3 minute read
COLUMNS
By: Salvador Meza *
Industrial aquaculture is a relatively new activity with a history of no more than 70 years, so its supply chains are often still incipient. Production technologies have been gradually developed based on trial and error in the first farms and in some research centers as several species began to be domesticated for aquaculture production. As a result of these activities certain cultivation practices were established and began to demand products and services that did not exist.
In this way the supply availability for aquaculture grew, from the adaptation of existing equipment and products (many of which were used in agricultural and environmental practices, especially in water quality evaluation) such as measuring equipment for oxygen, temperature, salinity, ammonia, nitrites and nitrates, etc.
Global analyses on aquaculture growth have omitted the importance of professionalization within the industry supply chains. Global aquaculture is supported, to a large extent, by micro- and small scale suppliers which would not pass any “competency” test in more developed industries, although aquaculture is expected to continue evolving in this direction.
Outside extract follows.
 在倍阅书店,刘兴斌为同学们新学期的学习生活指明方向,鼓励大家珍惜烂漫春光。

When it was understood that aquaculture had significant future growth potential, new companies emerged and began to develop, in addition to equipment, new services and products that could meet the demand for technology that aquaculture farmers needed for their own growth. Many of these companies were founded by aquaculturists who had succeeded in designing and solving technological challenges on their own farms.
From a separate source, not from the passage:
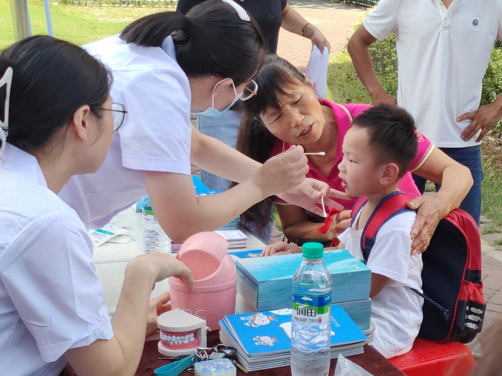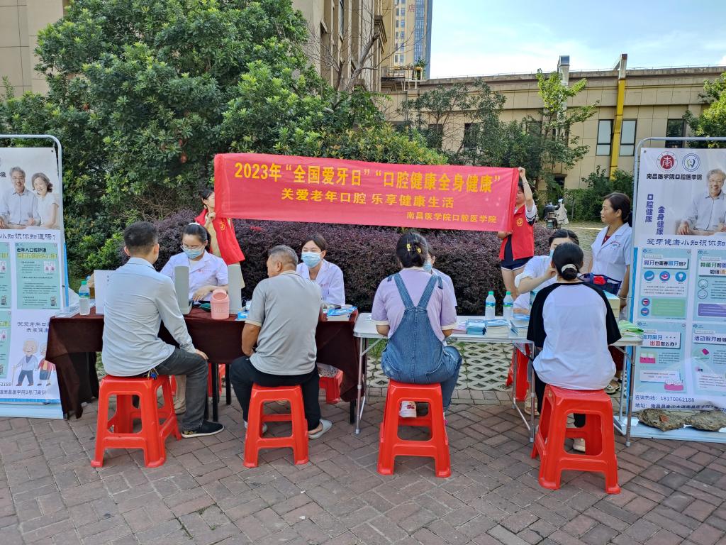 今年全国爱牙日的主题为“口腔健康 全身健康”,副主题为“关注老年口腔 乐享健康生活”。在南昌县力高澜湖郡社区,南昌县疾病防控中心领导亲临现场指导,beat365正版唯一官网教师和学生志愿者们向社区老人、来往群众和小朋友发放了宣传资料,“一对一”为老人进行测量血压、口腔义诊,详细讲解口腔健康知识,现场演示正确的刷牙方法,广泛普及爱护牙齿的重要性,并免费发放小礼品。

Later on, other companies from the livestock sector began to detect business opportunities in the aquaculture industry, and started to adapt some of their products such as: antibiotics, probiotics, growth promoters, enzymes, vitamins, amino acids, etc. All of these focused on the nutritional development and health status of aquaculture species. Step by step they were defining the management plans of these inputs within the crop cycles of each species. And new aquaculture areas were born within multinational animal health companies that were already supplying the pig and chicken production industries.
Afterwards, other new companies arose from the initiative of technicians and scientists who, working in research centers and universities, developed products to optimize aquaculture production and decided to launch their own businesses to scale this production at an industrial level. Other suppliers from other industries also saw opportunities in aquaculture and gradually developed adaptations for products like: water pumps, fish and shrimp pumps, filters, heaters, chillers, tanks, aquariums, feeders and even complete water recirculation systems.
As a result of this growth trajectory of suppliers, there is now an important number of companies
of relatively recent creation that, with much enthusiasm but little experience and business culture, have functioned as one of the pillars supporting the growth of aquaculture production worldwide.
The majority of suppliers for the aquaculture industry are companies
that range from micro-businesses to small and medium-sized firms, lacking well-defined process structures, especially in quality control and response to complaints, and most do not have a fast response to changes or increases in orders. Many such companies do not have a well-trained technical staff of vendors that can assist the producer in the technological adaptation of new products or services into their farms, and when they do it is insufficient at best. Additionally, most are financially weak, so despite having an important technological value for the market, many of them sell their products below that value in order to stay afloat.
The final result is a variety of companies and products with great potential but which are in the middle of the development process, with moderately trained personnel, marginally stable finances and with “sort of defined” future development plans. In the face of an industry crisis, few of these businesses would survive. It is important that governments and world development agencies consider the growth and strengthening of the supply chains of the aquaculture industry as a determining factor for any possible expansion and growth of this activity. Aquaculture is included in the UN agenda, and in the perspective of financial and investment funds, as an industry whose destiny is to grow and grow. However, the supply chains of goods and services for aquaculture production are currently “square wheels” that are preventing that growth. The investment at this point in time must be directed there.